In New Zealand, catering is often on a grand scale. When we – two adults, two smallies – come to visit, we stay with the Kiwi’s parents – another two adults. And then there’s the four sisters, their four husbands and another five kids aged from 6 years down to 7 months.

Have you kept count? That’s a total of 12 adults and six children, plus a happy, jolly baby who’s just started on solids, so she’s the easy one.

Everyone else? Well, it has to be said – we do spend a lot of time in the kitchen. But it’s never a slog because there are always plenty of hands to help, glorious summertime ingredients to play with and ideas to riff on. This year there was a rota, dividing dinner time catering between the various families, and we ate good.

I love the chatter and busyness that happens as everyone preps their dishes, leaning over the worktop to check out someone’s scribbled notes or emailing recipes as we cook

With the kids occupied elsewhere – they all know if they come near me complaining of hunger, I whip out a bowl of carrot sticks – cooking is a pure joy. I love the chatter and busyness that happens as everyone preps their dishes, leaning over the worktop to check out someone’s scribbled notes or emailing recipes as we cook. (Ladies, I’m still looking for the recipe of the crunchy noodle Chinese salad. You can send on that luscious pulled pork one too, while you’re at it.) And there’s always plenty of beach time too.

I come home, every time, with sheaves of photocopied pages, dog-eared food magazines, stacks of food photos and even a few cookbooks. New inspiration! At least until I get back and the realities of post-holiday blues and rain and cold and root vegetables hit home…

Lemon barley + roast broccoli, beetroot and clementine salad

Add some sunshine to your life no matter where in the world you are with this substantial salad.

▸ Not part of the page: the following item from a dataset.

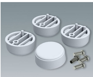
A9257405 Case feet, Vers. I ABS (UL 94 HB) light grey RAL 7035 ø30x12mm

It positively invites variations: use buckwheat, brown rice, quinoa or coarse bulgur wheat as the base grain; roast spiced carrots, squash or cauliflower in addition to, or with the vegetables mentioned below. This is a vegan-friendly variation, but strew with crumbled feta if you’re feeling the need for more protein. Serves 4.

  • 250g pearl barley, rinsed
  • Zest and juice of 1½ lemons
  • 500g beetroot, scrubbed
  • 6 tablespoons olive oil
  • 2 tablespoons balsamic vinegar
  • Sea salt, freshly ground black pepper
  • 2 red onions, peeled
  • 2 clementines, skin scrubbed
  • 500g broccoli
  • Preheat oven to 220C.

    Place barley and 450ml water into a saucepan. Squeeze in the juice of half a lemon and add a good pinch of salt. Bring to the boil over a medium heat, cover and reduce heat to low. Cook for 15-20 minutes, or until tender. Remove from heat and let stand, covered for five minutes. Drain any excess water.

    Meanwhile, peel the beetroot and cut into 2cm wedges. Wear gloves for this or just wear your red hands with pride. Toss with 2 tablespoons olive oil, the balsamic vinegar and season well. Spread across a large roasting dish, place in the oven and roast for 10 minutes while cutting the red onions and clementines (leave the skin on) into 2cm wedges. Add to the beetroot, toss well and return to the oven for a further 20 minutes until tender.

    While all that is going on in the oven, cut the broccoli into bite-sized florets, peeling any tough bits of stalk before chopping it into 2cm strips. Toss the broccoli with 2 tablespoons olive oil, salt and lots of black pepper. Spread it out on a baking tray and roast for about 15-20 minutes until tender and toothsome, the edges of the florets starting to brown.

    Whisk the lemon zest and rest of the lemon juice with the last 2 tablespoons of olive oil, season well and stir through the barley.

    I like to layer this salad up on a big platter or plate. Spread the lemon barley across the plate, scatter over the roasted broccoli, then top with the beetroot-onion-clementine combination, making sure to scrape out any juices from the pan. Makes a great lunch or serve as a side dish for a chicken roasted with harissa and pomegranate molasses.